Data items:
==========
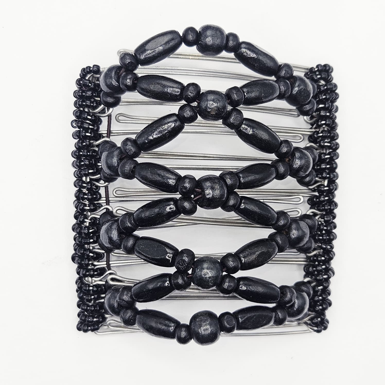 9 Tooth Large Hair comb, Black wood, neutral color, Stainless steel frame with black beaded wrapping
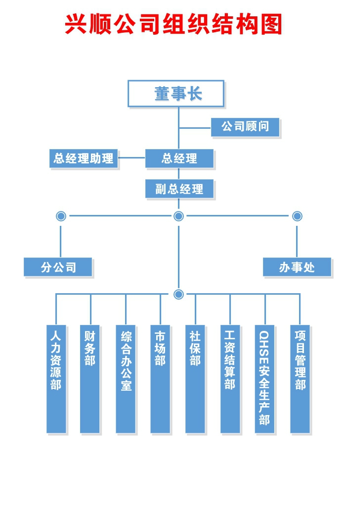 公司下設(shè)有:四川興順勞務(wù)代理有限公司成都分公司、四川興順勞務(wù)代理有限公司物業(yè)服務(wù)分公司、敘永辦事處、貴陽辦事處、云南辦事處、廣西辦事處、德陽辦事處、百色辦事處、赤水辦事處、川中公管中心南充辦事處;四川金帆建筑勞務(wù)有限公司各工程項目部。公司內(nèi)設(shè)有:公司辦公室、財務(wù)部、人力資源部、市場部、外包業(yè)務(wù)管理部、QHSE安全生產(chǎn)部、工資及社會保險管理部、顧問辦公室等職能部門。
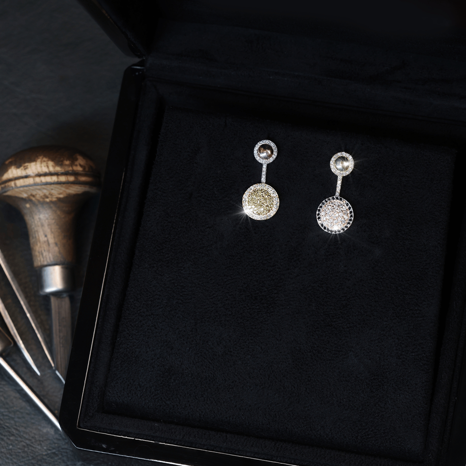 ชุดต่างหู Aurelia Pavé ประดับเพชรขาว เหลือง และดำ คุณภาพ D/E-VVS-VS เพาะเลี้ยงในห้องปฏิบัติการ ดีไซน์ไม่สมมาตร ตัวเรือนทองคำแท้ 18k แบบห้อย
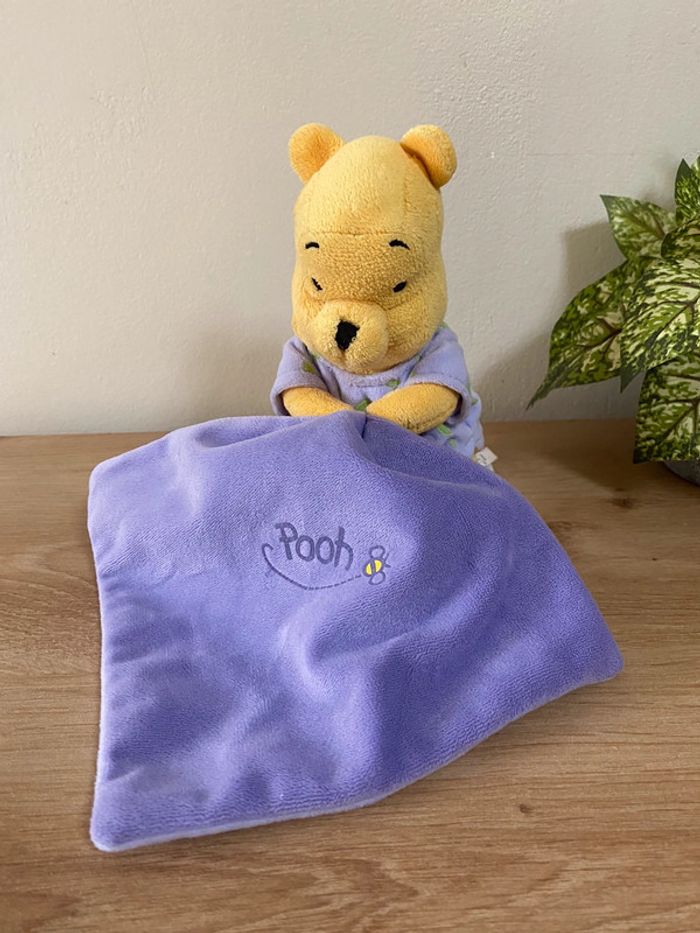 Doudou peluche Winnie the pooh mouchoir violet Disney nicotoy - photo numéro 1
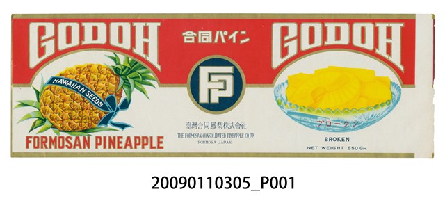 本件為昭和年間的臺灣合同鳳梨株式會社(FP,The Formosan Consolidated Pineapple Co.,Ltd)出品的「CODOH-FORMOSAN PINEAPPLE」牌鳳梨罐頭的商標標籤紙,為850公克二分片裝(ブロークン,BROKEN),底色以淡橄欖綠色配白色為主,圖案為綁著「HAWAIIAN SEEDS」字樣緞帶的整顆鳳梨,及切成二分片的鳳梨,以玻璃盤裝盤。
==========
- [EXERCISE DIRECTIONS] Please output all the records above exactly, leaving out every picture.

- [THE COMPLETED TASK]
 9 Tooth Large Hair comb, Black wood, neutral color, Stainless steel frame with black beaded wrapping
 公司下設(shè)有:四川興順勞務(wù)代理有限公司成都分公司、四川興順勞務(wù)代理有限公司物業(yè)服務(wù)分公司、敘永辦事處、貴陽辦事處、云南辦事處、廣西辦事處、德陽辦事處、百色辦事處、赤水辦事處、川中公管中心南充辦事處;四川金帆建筑勞務(wù)有限公司各工程項目部。公司內(nèi)設(shè)有:公司辦公室、財務(wù)部、人力資源部、市場部、外包業(yè)務(wù)管理部、QHSE安全生產(chǎn)部、工資及社會保險管理部、顧問辦公室等職能部門。
 ชุดต่างหู Aurelia Pavé ประดับเพชรขาว เหลือง และดำ คุณภาพ D/E-VVS-VS เพาะเลี้ยงในห้องปฏิบัติการ ดีไซน์ไม่สมมาตร ตัวเรือนทองคำแท้ 18k แบบห้อย
 Doudou peluche Winnie the pooh mouchoir violet Disney nicotoy - photo numéro 1
 本件為昭和年間的臺灣合同鳳梨株式會社(FP,The Formosan Consolidated Pineapple Co.,Ltd)出品的「CODOH-FORMOSAN PINEAPPLE」牌鳳梨罐頭的商標標籤紙,為850公克二分片裝(ブロークン,BROKEN),底色以淡橄欖綠色配白色為主,圖案為綁著「HAWAIIAN SEEDS」字樣緞帶的整顆鳳梨,及切成二分片的鳳梨,以玻璃盤裝盤。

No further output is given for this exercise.